On Dec. 22, 2015, the NCAA Division I Committee on Infractions issued its punishment to the University of Hawai’i men’s basketball team and its former head coach, Gib Arnold. And, spoiler alert: They did not come down easy. According to the NCAA, Arnold “did not promote an atmosphere for compliance in his program” and the list of punishments is as follows: a postseason ban for the 2016-17 season and a reduction of two scholarships for the 2016-17 and 2017-18 seasons. Arnold himself received a three-year show-cause order and a suspension for 30 percent of the basketball season if hired by an NCAA institution. Former assistant Brandyn Akana was also handed with a two-year show-cause order, according to CBS Sports.

The sanctions emerged as a result of a year-long investigation into the men’s basketball program at Hawai’i, one of which uncovered an even longer list of NCAA rule violations. First, a former director of basketball operations was found to be participating in both scouting and instructional on-court activities, an act which Arnold misled the NCAA about. Arnold also found that a player was using a booster’s car and failed to report this to his compliance department, rather telling them to keep the information in-house.

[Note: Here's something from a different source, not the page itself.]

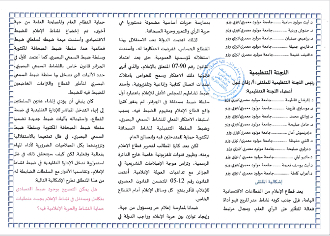 بمناسبة اليوم الوطني للشهيد، ينظم قسم العلوم الانسانية بالتنسيق مع المتحف الجهوي للمجاهد بتيزي وزو ملتقى وطني حول : « علي بن نور : تجسيد الثنائية بين العمل السياسي و الكفاح...

Finally, Akanya was found to have altered two student forms: one in an effort to ensure a student-athlete would qualify for admission to the university along with an international student’s supplemental information form after discovering his original information was insufficient for admission. Akanya also gave both students iPads and failed to inform the committee during the investigation, according to the NCAA.

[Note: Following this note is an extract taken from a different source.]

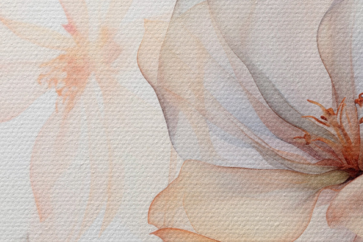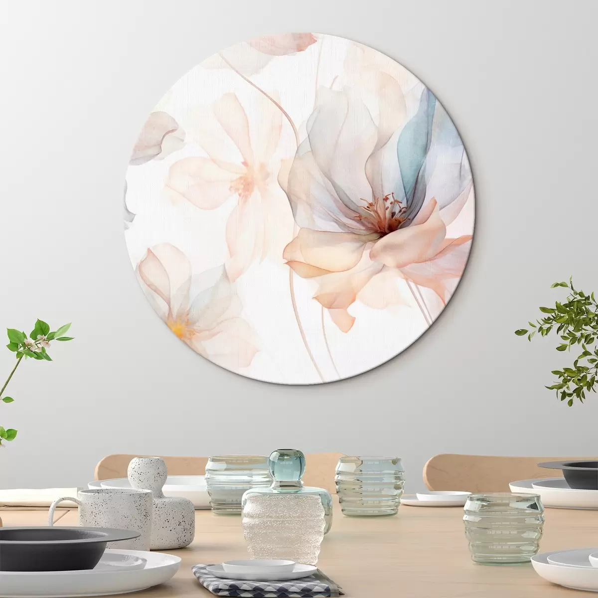Runde Wandbilder Transluzente, strukturierte Blumen in Pastellfarben, zarte Blütenblätter, feine Linien auf weißem Hintergrund r44855

And with all of that, one question remains: Does the punishment truly fit the crime? In a vacuum, Hawai’i was rightfully punished as they knowingly violated a slew of rules and did so whilst turning a blind eye. Yet, in a world as complex and contradictory as the NCAA, nothing operates in a vacuum. The reality is, while teams such as Hawai’i — who, by the way, had already self-imposed a vacation of 36 wins, a $10,000 fine and a limitation of recruiting visits prior to being handed penalties by the NCAA — can be distinctly subject to the law of the land, plenty others can suffer relative slaps on the wrist for violations just as — if not more — wrongful.

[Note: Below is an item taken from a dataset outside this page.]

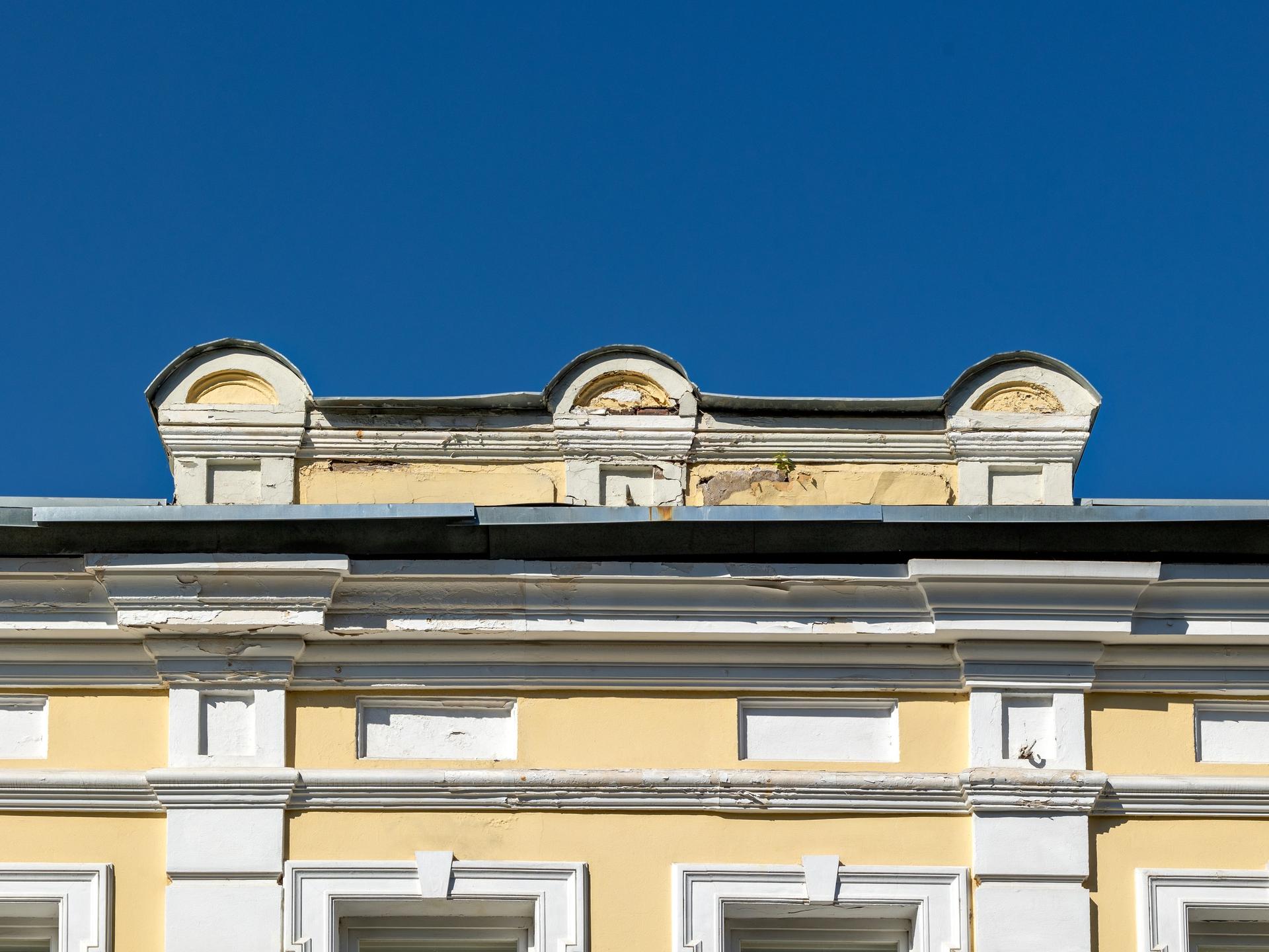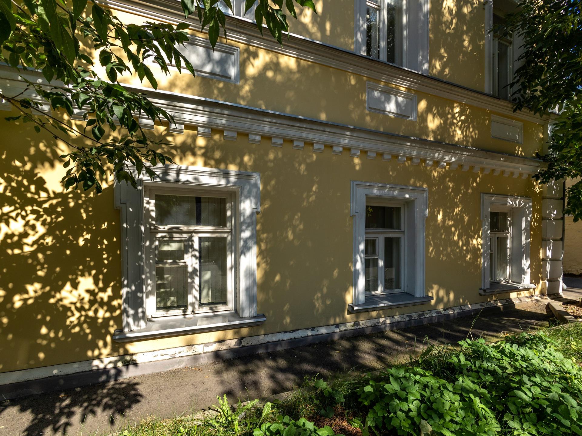 Фасад украшен невысоким гладким цоколем, широким междуэтажным поясом с лежачими филенками и венчающим антаблементом. Углы здания подчеркнуты огибающими рустованными лопатками. Центр главного фасада выделен горизонтальным аттиком. Прямоугольные окна обоих этажей помещены в штукатурные рамочные наличники с «ушами». Первоначальная внутренняя планировка здания и интерьеры утрачены. Но дом поддерживается в хорошем состоянии и приспособлен под офисы.

For the most part, what Hawai’i did was indeed unethical. Yet just as wrong — and perhaps more detrimental to a student’s actual livelihood — was what Memphis basketball program and head coach John Calipari did in 2007: having an unknown individual take Derrick Rose’s (the number-one high school recruit in the nation at the time) SAT examination to ensure his admission.

Sure, Memphis was eventually handed a penalty that vacated their entire 2007-08 season due to that violation, including their runner-up status in the NCAA championship game, but the rest was handled with a $100,000 out-of-court settlement. Calipari was not suspended for any portion of games nor were any Memphis assistant coaches or officials. This is just one example.

More recently, Larry Brown, the current head coach at Southern Methodist University and a repeat offender of NCAA regulations was deemed to have “failed to promote an atmosphere of compliance within his program” by the NCAA, a statement identical to that which was applied to Arnold. For the violations — which included an ex-assistant forging a recruit’s eligibility and another ex-assistant completing said recruit’s coursework — SMU lost a potential 2016 postseason birth (despite not having much of a shot to earn one anyway), Brown was suspended for nine games and the program will lose seven scholarships over the next three years. This was Brown’s third offense and SMU’s 10th major infraction — an NCAA record.

Yet, even for the most rampant offenders, and for transgressions that at the very least stand on equal measure with that of Hawai’i’s, the penalties handed down are much less detrimental.

Inconsistency is the concern here for the NCAA. If program directors are not permitted to act as quasi-coaches that is fine; if athletes are not allowed to receive free iPads or use a booster’s car to get around (rules which are all the more laughable on their own) that is okay. I get it (not really). And obviously altering eligibility forms is a serious matter that deserves to be penalized.
But to equate any of that as significantly more damaging to the code of conduct than coaches actively taking athlete’s courses, placement exams and doing coursework is a joke. At some point, the NCAA has to get it right across all platforms. And starting by better administering their own regulations would be a step in that direction. Because as it stands, for an association that preaches honorability and ethics, there exists an awful lot of skepticism as to the reputability of their own conduct.